Innovation and Perseverance: The Benefits of Academic Teams at John Jay Middle School

One of the hallmarks of John Jay Middle School is right there in the name. It’s a middle school, not a junior high school. The main difference between the two, Principal Rich Leprine points out, is that middle schools use academic teams to meet the developmental needs of eleven to fourteen year olds.    

Intrepid, Innovation, and Panorama. Grit, Perseverance, and Fusion. These are the teams of JJMS’s sixth and seventh grades. Each is a randomly selected group of about ninety students that rotates through same math, ELA, social studies, and science teachers each day—as opposed to mixing with different students in each class. The eighth grade runs like a junior high: students create more self-directed communities through classroom, club, and intramural activities.  

Each team’s teachers have a common planning period built into their daily schedule, which allows for cross-curricular coordination of topics, themes and assignments, as well as sharing notes about various children and challenges. “The beauty of the middle school concept,” said JJMS Assistant Principal Lisa Kor, “is that no child slips through the cracks.”

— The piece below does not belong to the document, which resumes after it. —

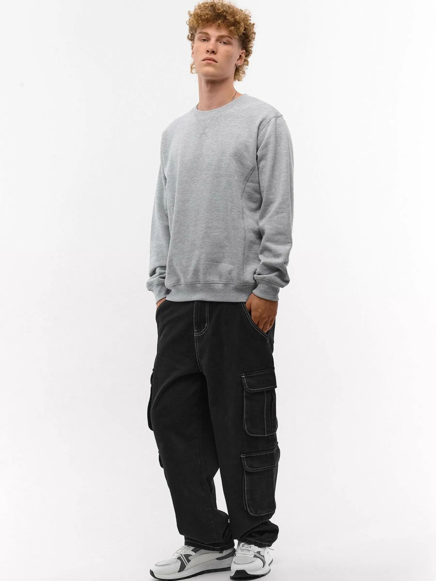 Kolor: szaryKrój: regularTyp: bluzaRekaw: długi rękawDługość: krótkiPattern style: pojedynczy kolorDetal: nad gł…

“We are committed to the middle level concept of supporting our students’ cognitive, social and emotional growth,” said Leprine. “Teachers use gradewide events like field trips as well as classroom activities to nurture leadership, communication and problem solving.”

In mid-September, sixth graders participated in a full day of on-campus activities with YMCA Greenkill Outdoor Educators. “Small groups of ten students were led through a series of team building activities,” said Assistant Principal Monica Bermiss.  “These games and challenges provided a catalyst for students to work together to achieve a series of common goals.”  

In October, the seventh grade traveled to Mountain Lake Park in North Salem. With trained outdoor educators, they explored trust and coaching while on cables, ropes and wooden beams strung twenty to fifty feet high among trees. The students also faced individual and team challenges on a number of “on the ground” elements constructed of ropes, cables, tires and wood. The final quest was for each group to design and build a catapult out of random household objects to launch a yarn ball for both accuracy and distance.

“I learned that you can use teams in everyday things and approach them as if they were just part of an obstacle course,” said seventh grader Katrina Gallagher.

Mark Grossman and Marcia Daley-Savo, ELA and social studies teachers; Anna Loeb and Kathleen Rutherford, science and math teachers; and Melissa Smythe, special education teacher, are with team Panorama. They are enthusiastic about implementing engaging challenges that require students to develop a comfort with moving forward, solving problems, and pushing innovation to the next level.  

“Earlier this year we made a monster and put it in the hallway. The class had to select an observer, and a reporter, and two builders. The observer went and looked at the monster. She told the reporter, who then gave the information to the builders, who recreated the monster with the class. “More than how to work together, this kind of activity teaches students how to listen to each other,” said Daley-Savo. “This is an essential life skill.”

“I learned that working in a group can be difficult, but if you communicate and work together, you will succeed,” said Logan Baumgartner, a seventh grader.